The user-state technology and bypass kernel are used for “zero” replication of the I/O path. This eliminates replication operations both inside and outside the kernel, greatly improving the throughput and performance.
In the past, two data copies were required when the kernel state was used: The user-state process of the business copies data to the kernel, and the kernel data is copied to the user-state network for forwarding. These copies affected the overall throughput and latency.
After the user state is applied, the polling model is used to send I/O requests. For CPU usage in polling mode, the adaptive sleep technology is applied so that core resources are not wasted during idle periods of the CPU.
DBFS directly exchanges data with Apsara Distributed File System by using the RDMA technology to provide a higher throughput and a latency that is similar to that of the local SSD. This development in 2018 made it possible to implement extremely low cross-network I/O latency, laying a firm foundation for large-scale storage and computing separation. The group’s RDMA cluster introduced in this year’s great promotion campaign is the largest cluster in the industry.
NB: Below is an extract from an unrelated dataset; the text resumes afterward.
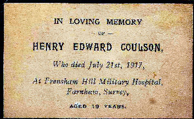 SOLDIER’S DEATH.—The death took place on Monday, at Kelling Sanatorium, Holt, of ex-Lance Corpl. F. C. Beagles, of the 2nd 8th Manchester Regiment, and son of Mr. and Mrs. Charles Beagles, of 70, Norfolk-street. Wisbech. The deceased, who was in his 23rd year, was wounded between the eyes with shrapnel and badly gassed in France in November, 1917, and, with the exception of a sort [sic] time in the employ of Mr. Robert Goodale, Messrs. Balding and Mansell, and Messrs. Clayton and Young, he has either been in hospital or under the doctor's care since. The late Lance-Corporal joined the Cambs. Regt. on Sept. 4th, 1914, and was drafted to France in February, 1917. In January, 1918, he was admitted to the Wisbech V.A.D. until April 2nd, when he was discharged from the Service, and it was then he undertook the work mentioned above, but owing to his health again breaking down last November he was sent to Felling Sanatorium, where he was detained until the end. Before joining H.M. Forces he was engaged at Messrs. Balding and Mansell's as a printer's machine feeder. His remains were conveyed to Wisbech on Wednesday, and the interment took place at the Borough Cemetery yesterday (Thursday). The Rev. G. H. Strange officiated. The coffin was of oak, with brass fittings, and bore the inscription: “Frederick Charles Beagles, died June 7th, 1920, aged 22 years.” The mourners were: The mother, Messrs. George, Jack and Stanley Beagles (brothers), Mr. and Mrs. J. Cooke (friend), Mrs. Matthews and Mrs. Reed (aunts)‘ Amongst the numerous floral tributes were the following: “Mother and Brothers,” “Mum and Dad,” Mr. and Mrs. J. Cook, “George and Doris,” Mr. and Mrs. G. Martin (uncle and aunt) and family, Mr. and Mrs. H. Steward (cousins), Mrs. T. Beagles and family, Mrs. J. Beagles (grandmother), “Fellow patients at Sanatorium,” “Officers of 2/1st Cambs. Regt.,” Mrs. Matthews (aunt), Mrs. Reed (aunt), 'Mrs. H. Tann, "”Workmates at Messrs. Clayton and Young's,” “Workmates at Messrs. Balding and Mansell's,” Miss Gathercole, Mrs. Shearman and family, Mrs. Bates and family, Mr. and Mrs. Woods and and family, and Mrs. Rogers (grandmother).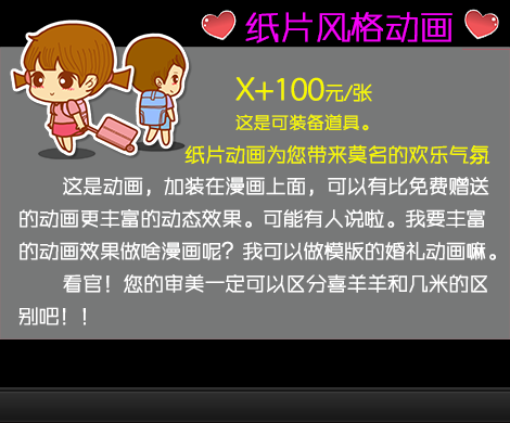 1.卡通形象成品提供:300像素的jpg/png 1.卡通形象成品提供:300像素的jpg/png 2.婚禮logo/迎賓牌設(shè)計(jì)成品提供:足夠打印尺寸的300像素jpg/png 3.動(dòng)畫成品提供:高清mp4視頻格式 4.如果拍下,設(shè)計(jì)師已經(jīng)開始制作,臨時(shí)改變主意不要只能退還一半價(jià)格哦! 5.制作完成后,不得以任何理由退款。因?yàn)槲覀兏冻隽诵量嗟墓ぷ鳎夷粷M意的作品對您以后的設(shè)計(jì)也會(huì)提供很大的設(shè)計(jì)參考,不得因此給出中評和差評。非常終實(shí)在無法修改到您滿意,非常多退款10%,不提供源文件。(同時(shí)找多家設(shè)計(jì)者不得退款!) 6.請確定自己想要設(shè)計(jì)的東西,慎重給出設(shè)計(jì)要求。別讓設(shè)計(jì)師都弄出來看效果再?zèng)Q定,已經(jīng)根據(jù)客戶要求設(shè)計(jì)好,又需要更換文字/風(fēng)格需要根據(jù)難易度增加設(shè)計(jì)費(fèi)。如果設(shè)計(jì)已經(jīng)完成,推翻原有設(shè)計(jì)重新收費(fèi)。請理解設(shè)計(jì)師的苦心。^_^ 7.我們擁有作品作為宣傳用的展示權(quán),如果不讓展示請下訂單前說明。 ★★★購買我們的設(shè)計(jì)則表示同意以上協(xié)議,認(rèn)同我們的設(shè)計(jì)風(fēng)格,請不要給出中評或者差評,謝謝合作。  郵件:黑漆漆滴小鬼 QQ6(注明)

To achieve buffer I/O capabilities, page caching was implemented separately by using the touch-count-based LRU algorithm. The touch count was introduced to improve the integration with the I/O features of databases. Large table scanning is common in databases, however, because scanning data pages that are rarely used can compromise LRU efficiency, this is not desirable. To address this issue, pages are moved between the hot and cold ends based on the touch count.
In addition, the page size is configurable for page caching. By combining this with the page size of a database, the page caching efficiency can be even higher. In general, DBFS page caching has the following capabilities:
- A page is moved between the hot and cold ends based on the touch count.
- The proportion of the hot and cold ends is configurable, currently this is 2:8.
- The page size is configurable. By combining with the page size of a database, page caching is optimized.
- Multiple shards are available for increasing concurrency, and the overall capacity is configurable.
Most database products use asynchronous I/O to improve I/O throughput. Similarly, DBFS implements asynchronous I/O to adapt to the I/O features of upper-layer databases. Asynchronous I/O has the following features:
- Implements lock-free queues.
- Allows configuration of the I/O depth, which ensures precise latency control for different database I/O types.
- Provides the polling-adaptive function to reduce CPU consumption.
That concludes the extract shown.